映画のワンシーンのような家。
この家は映画好きのHさんが一つ一つの空間を突き詰めて考えぬいた住まいです。「入居して1年ですが、まだ全然できていないんです」というHさん。静かな口調でていねいに説明をしてくれるその様子に、住まいへの深い愛情と情熱を感じました。
住宅街の高台に建つカリフォルニアスタイルの外観が目を引くお住まい。白い擁壁と白いカバードポーチがさわやかな印象です。お出迎えしてくれたのは笑顔のHさん夫妻。あたたかな昼下がり、芝生の庭でお子さんと遊ばれていたようです。
開放的な外観から一転、玄関ドアを開けると、そこはまた異空間。カジュアルでありながら、凛とした、清楚な玄関ホールが広がります。高い天井の明るい吹き抜け、リビングに通じる大きな開口、水まわりへの廊下、どこを見ても、まるで映画のワンシーンのように目に映ります。
90年代、2000年代のアメリカ映画に影響を受けた空間づくり。
違和感のあるものは入れない
「統一感を大切にしています。
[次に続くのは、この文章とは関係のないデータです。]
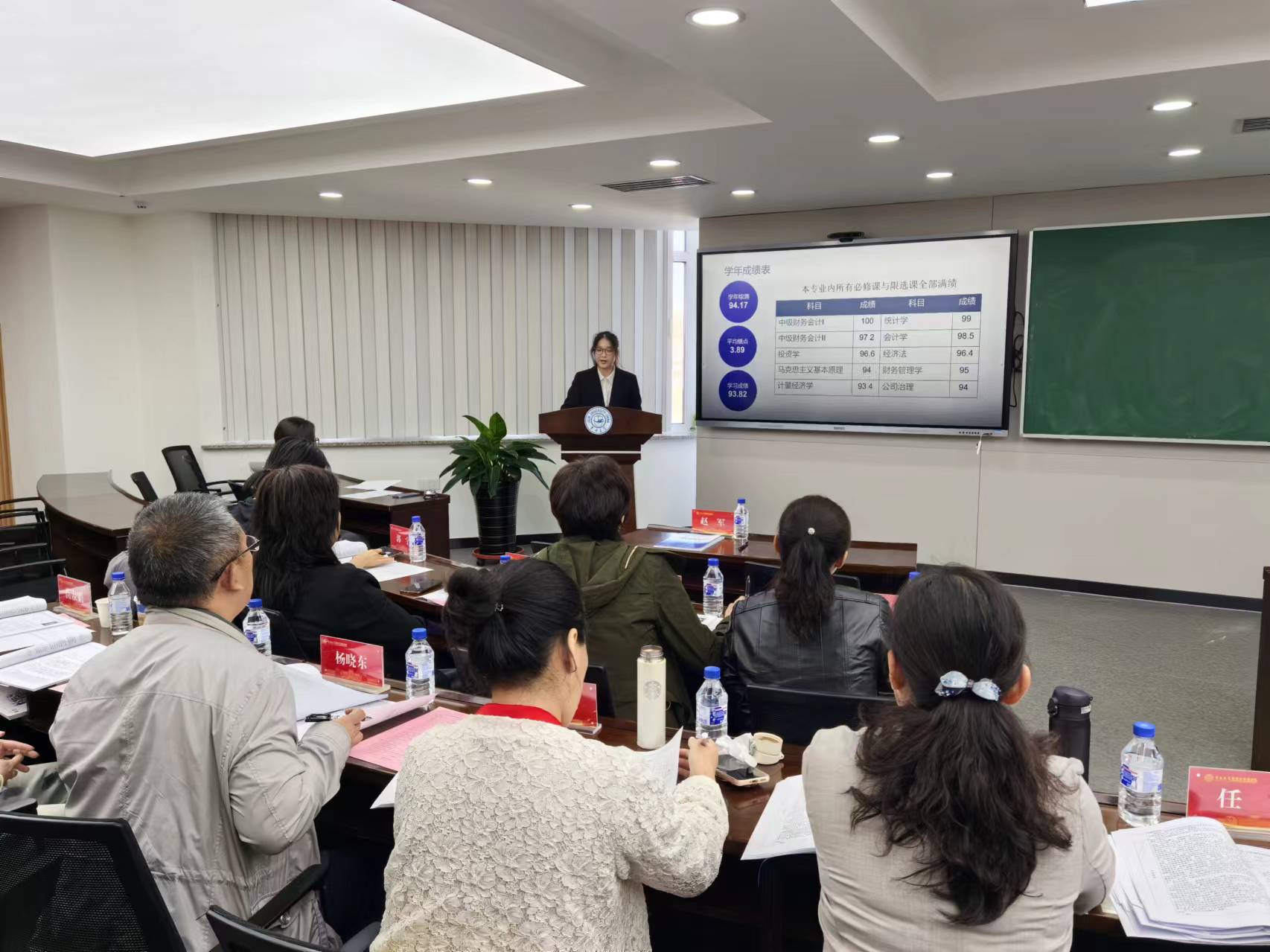本次商学与管理学院国家奖学金答辩评审会组织严谨,程序规范。由党委书记赵军、党委副书记兼副院长李帅、各系主任、系书记、学生工作办公室老师以及本科学生代表等组成的评审工作小组,负责本次国家奖学金答辩评审会。

ちょっとでも違うなと思ったものは選ばずに、デザイン重視でとことん探します」というHさん。物選びは、デザインはもちろんのこと、色、質感、大きさなどを吟味して決めているそうです。そのため「間接照明も壁の飾りも、もう少し入れたいと思っているのですが、探すのに時間がかかっています」。
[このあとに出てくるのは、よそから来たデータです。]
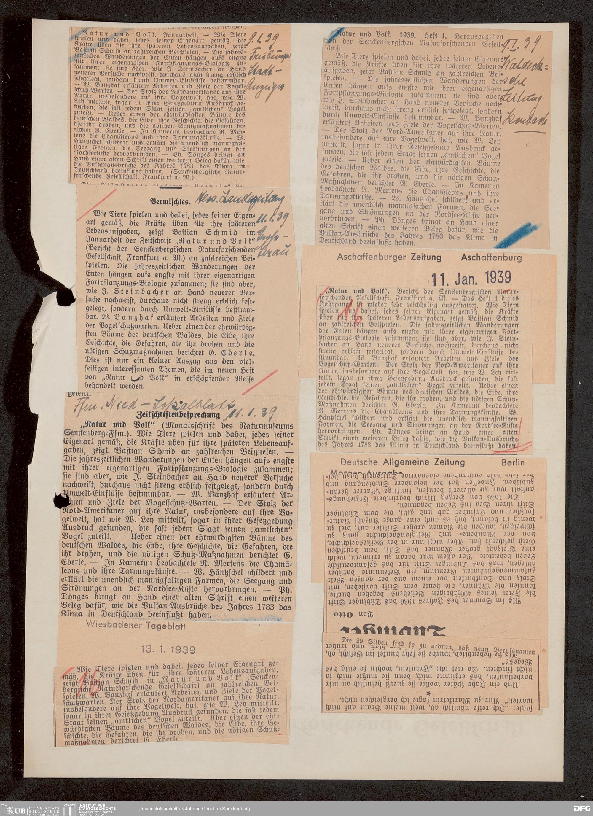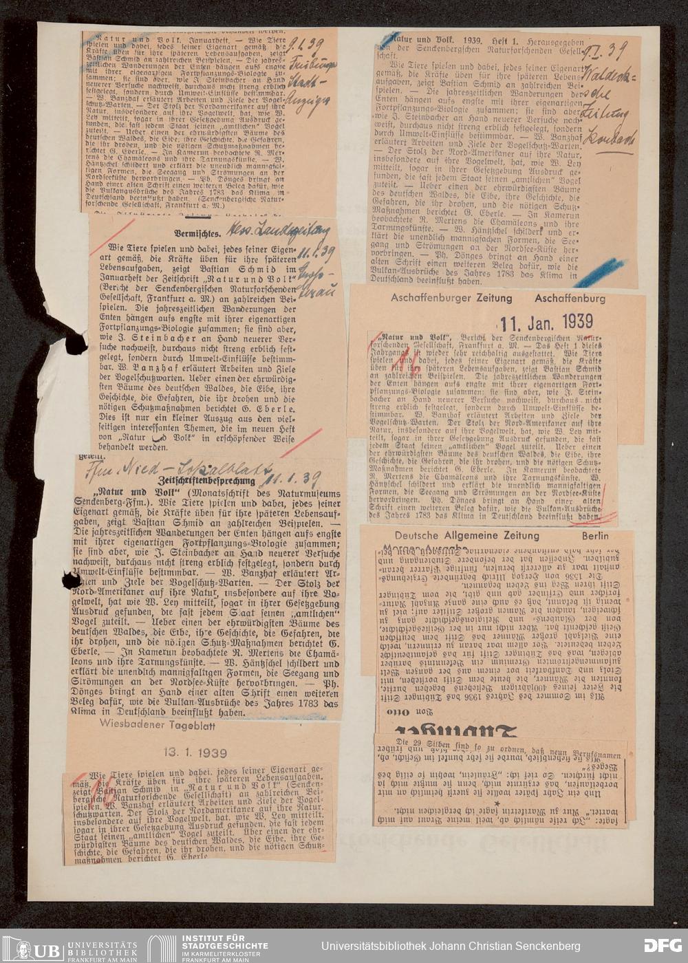 V176 Senckenberg Gesellschaft für Naturforschung, 647 - Rezensionen zu "Natur und Museum" bzw. "Natur und Volk"

話を聞いて驚くのはその世界観の明確なイメージ。揺らぐことのないボーダーラインがあるのです。「本は参考にしていないんです。90年代、2000年代のアメリカの映画に影響されて、イメージが自分の中でできあがった感じです」といいます。
家づくりを依頼したのは、オーダーメイドのキッチンなどを得意としている建築会社で、こまかい要望にこたえてくれるところが決め手になりました。
色選びは慎重に、大胆に
Hさんの住まいの各部屋を見て感動するのはその色のバランス。1階はペンキの重ね塗装仕上げ、2時階はクロス張りになっていますが、その選定は慎重でいて大胆。建築会社のインテリアコーディネーターにお話を聞くと、「無難な色は選ばないので本当に楽しかったし、うれしかったです」とのこと。たしかに1階のフロアは白い腰壁にオリーブグリーン。このグリーンも何十色もの中から選ばれたそうで、白やネイビーとの相性も抜群です。
照明は明るすぎないように
「1階は明るすぎないようにしました。シーリングライトは入れていません」とHさん。照明はアメリカ製で取り寄せに数ヶ月かかったそうです。シンプルなようで、なかなか日本では手に入らないデザイン。照明は家づくりの大きなポイントなのだと感じさせられました。
見せるものは限定。生活感は出さないように。
考え抜かれた生活動線
一見、デザイン重視のようですが、Hさんの家は動線がとてもよく、便利な間取りになっています。「共働きなので生活動線は何度も打ち合わせを重ねました」と奥様。キッチンの後ろと横に存在感のあるバーンドアがありますが、背面のドアはランドリールーム、横のドアはパントリーにつながっています。さらにパントリーはそのまま通り抜けられ、玄関までストレートな動線です。パントリーは広く、両側ともにたっぷりと収納できる棚が設けられ、冷蔵庫から食品のストックまですべて収納できます。
ランドリールームの横には大きめのクローゼットがありますが、「1階にまとめたいとお話ししました。家族4人分すべてを収めたいと。物は増やさないように、ここに収まるだけにしたいと思っています」と奥様。
そうしたことにより、子どもの衣類も夫婦の衣類も、同じ場所に保管。季節ごとの入れ替えもしないで済むようになりました。洗濯物は室内干しと決めていたので、ベランダは設けず、ランドリールームで乾燥した衣類はそのまま隣のファミリークロークに収納できるそうです。